Soundbars give your TV audio quality that matches the picture. These long units are designed to sit below, in front or above your TV, whether it's mounted on the wall or on a stand. They contain two or more speakers, and may have a separate subwoofer that produces the lower frequency sounds. Others use clever ways to produce bass all in the one cabinet.
If you're upgrading your TV as well, check out our guide to this year's best TVs.
Your buying guide to the best soundbars in 2018
Many people are unhappy with the sound quality delivered by their flatscreen TV, but fears of a difficult setup routine and a mess of unsightly wires mean they are unwilling to install a surround-sound system. Perhaps they simply don’t have a big enough room.
Not all soundbars replicate surround, by they do offer a convenient, relatively compact solution for getting better quality audio in your living room.
What features should I look for?
Consider how the soundbar will connect to your TV. The most common method is to use an optical cable, also known as Toslink. Most modern TVs support this, but be sure to check before choosing your soundbar.
Some soundbars have HDMI inputs, which can be convenient, but do the same job as Toslink.
You should also check that this output will route all incoming audio from connected devices such as Blu-ray players and games consoles, as well as the internal TV tuner. This way, to hear audio from all your devices you need to have only one cable going to your soundbar.

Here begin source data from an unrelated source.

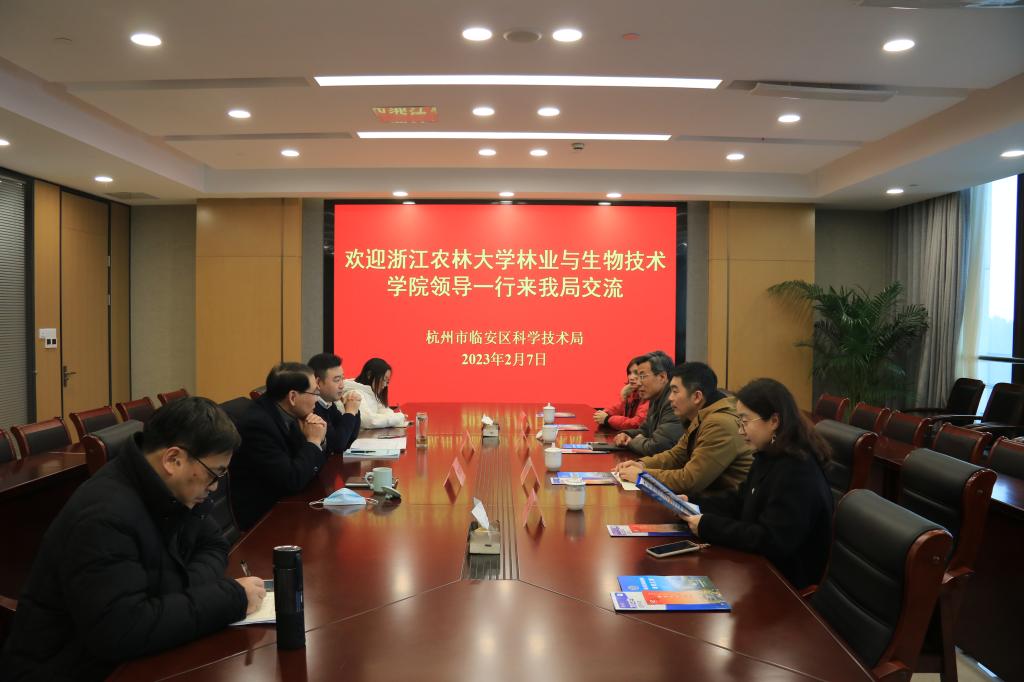 2月7日上午,林学院党委书记郑炳松一行赴临安区科技局对接交流与合作等相关事宜。临安区科技局党组书记黄文豪,局长叶剑、农社科科长陈玉、工会主席梅劲参加座谈会。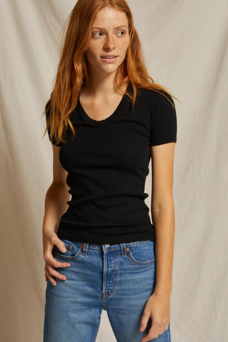 Avril Short Sleeve Rib U Neck Black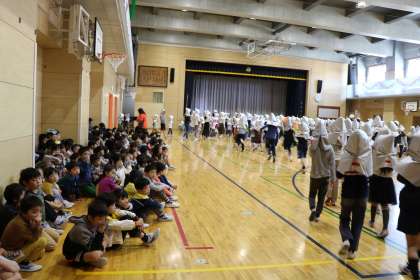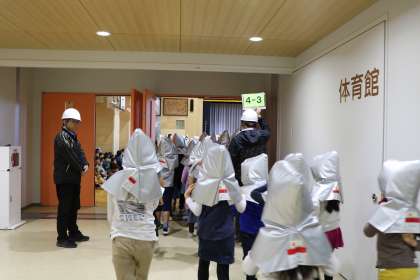 今日は今年度初めての避難訓練でした。1年生は体育館の後方に座り、2年生以上の避難訓練の様子を見ていました。教室が変わり、避難経路を確認する大切な1回目の訓練です。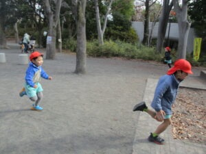 公園に着いた際に風があり少し寒かったので、身体を温めるために皆で公園内をマラソンをしました。始めは皆で10周を目標に走っていましたが、走るうちに「もっと走りたい!」となり、30周を目指して走りました。 走った後は、身体も…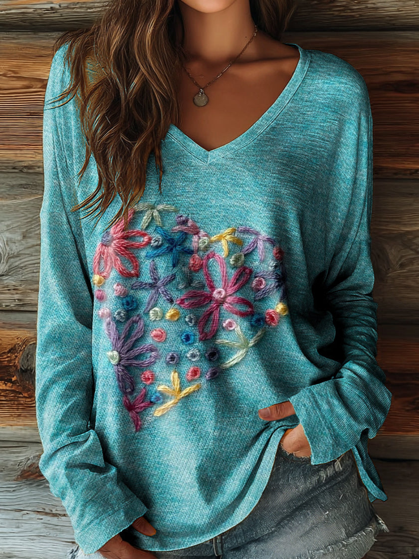 Women's Ethnic Collage Heart Floral Art Pattern Print Casual V-neck Long Sleeve T-shirt

Most soundbars have other inputs, including a 3.5mm minijack and/or stereo phono jacks. These take analogue feeds and allow you to play audio from just about any device, including phones and tablets.
However, if you’d prefer the convenience of wirelessly playing music from a mobile device, look for built-in Bluetooth. By this method though, be aware that unless your mobile device and soundbar both support aptX, the default codec within the A2DP standard, sound quality won’t be as good.

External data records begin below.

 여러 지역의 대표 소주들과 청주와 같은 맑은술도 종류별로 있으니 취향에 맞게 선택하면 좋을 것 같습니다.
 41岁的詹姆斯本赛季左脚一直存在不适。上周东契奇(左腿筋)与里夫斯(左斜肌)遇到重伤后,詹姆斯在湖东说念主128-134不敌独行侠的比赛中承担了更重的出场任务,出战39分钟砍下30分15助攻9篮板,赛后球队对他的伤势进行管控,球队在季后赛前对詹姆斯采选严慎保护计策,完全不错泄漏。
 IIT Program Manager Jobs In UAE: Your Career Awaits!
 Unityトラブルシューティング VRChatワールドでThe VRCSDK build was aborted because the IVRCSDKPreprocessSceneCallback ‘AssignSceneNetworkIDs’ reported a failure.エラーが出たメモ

Should I get a separate subwoofer?
A standalone soundbar will be unable to offer full-range sound, so many come with a separate subwoofer. This produces the deep bass required by movie special effects such as explosions. You can get away without a subwoofer if you’ll mostly be watching dialogue heavy programmes.

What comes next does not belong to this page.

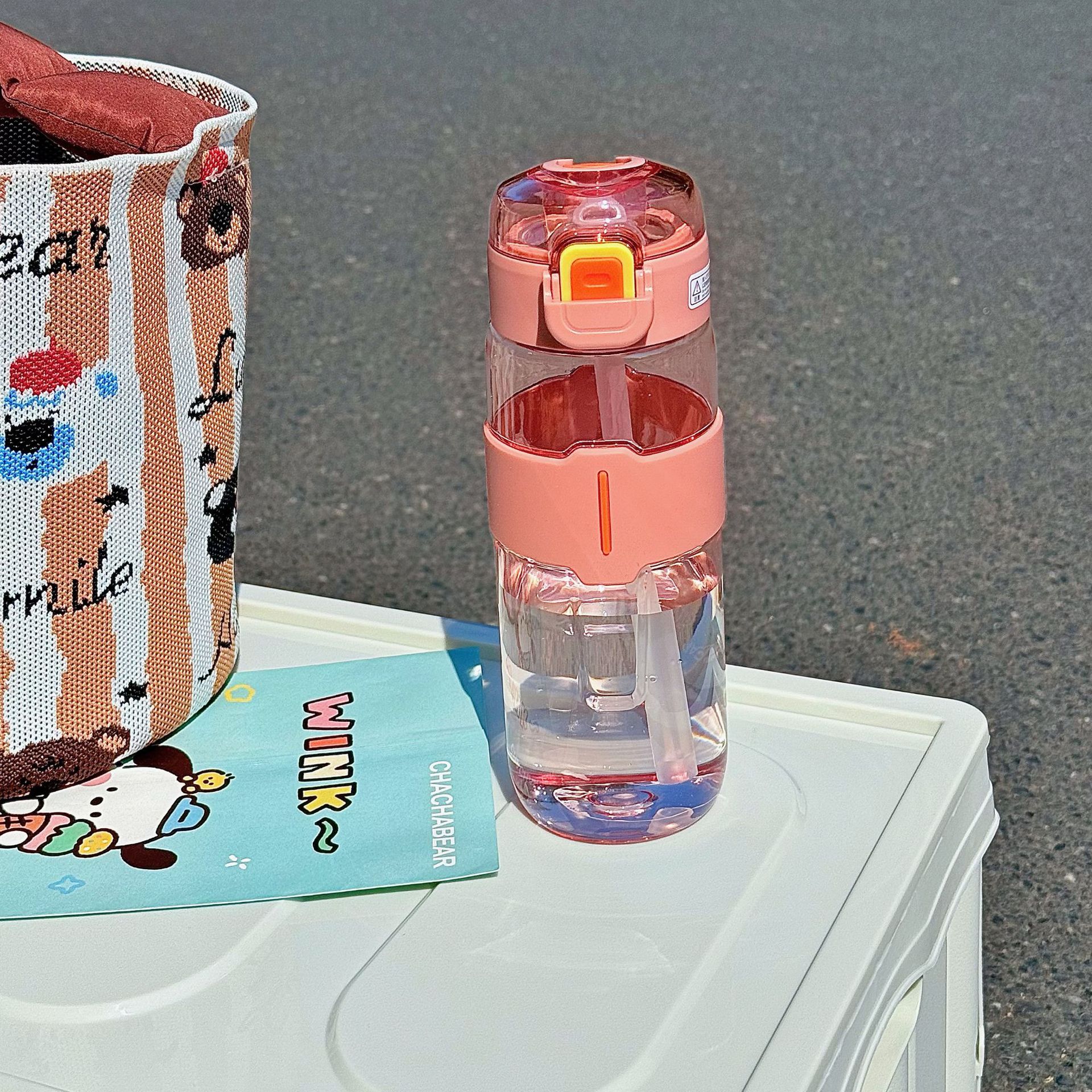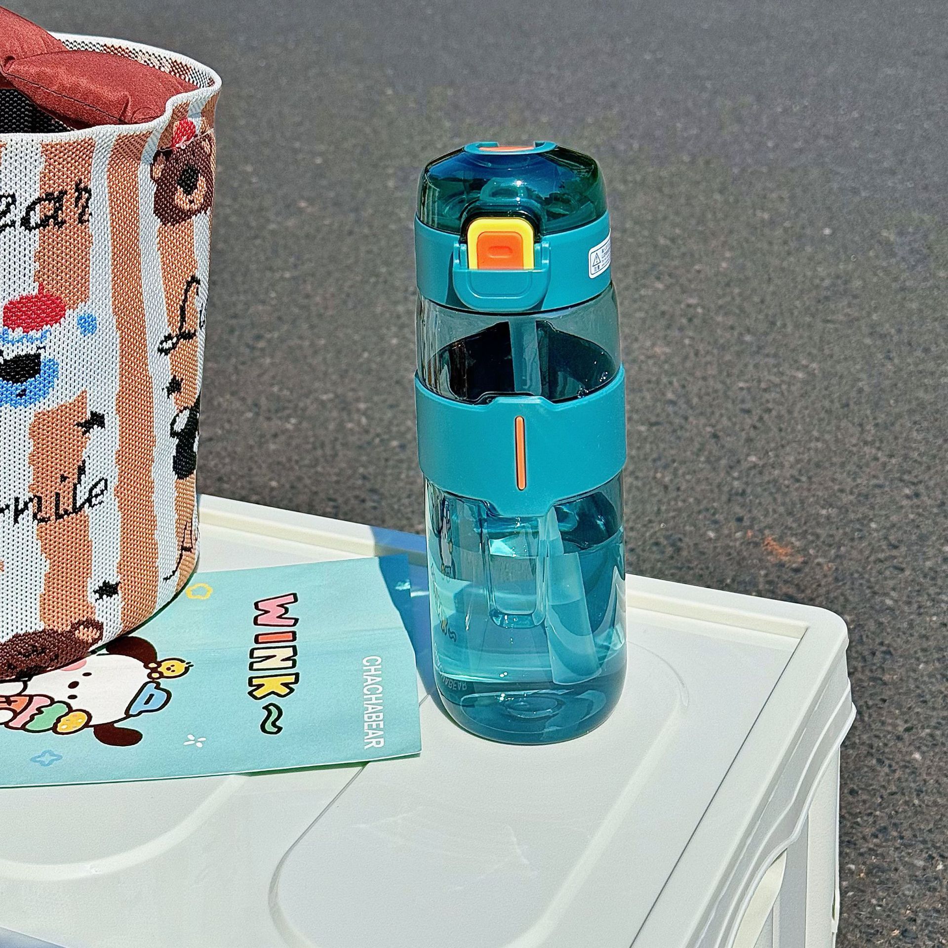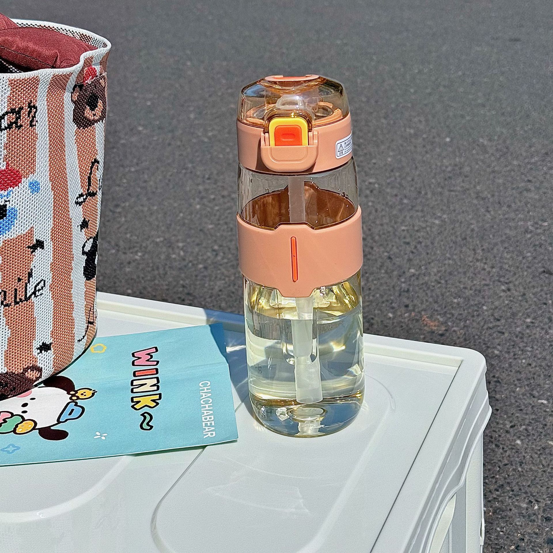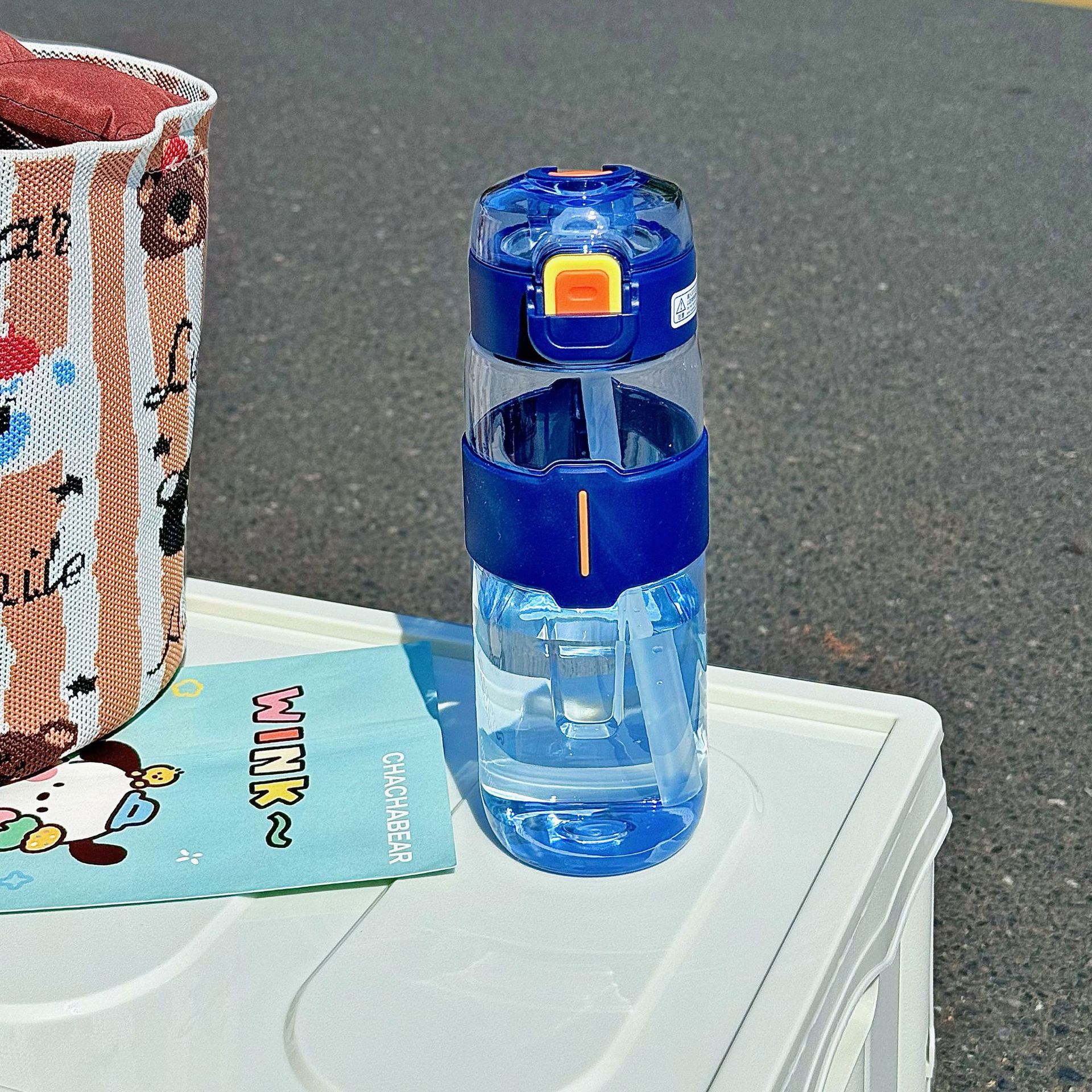 シンプルなスポーツボトル 持ち運び便利 持ち手付き 耐衝撃性 水漏れ防止 ストロー付き 厚手 清新

Subwoofers are either active or passively powered. Passive models don’t have a built-in amp, so do not require mains power. These rely on an extra amp in the soundbar.
Active subwoofers have their own amp, so require an external power source. They can wirelessly receive audio though, so you can place them away from the soundbar without trailing wires. Watch out for soundbars that put all the inputs on the sub. This is an advantage if your TV and soundbar are to be wall-mounted and the cables would otherwise have to run to the soundbar.
What soundbar specifications are important?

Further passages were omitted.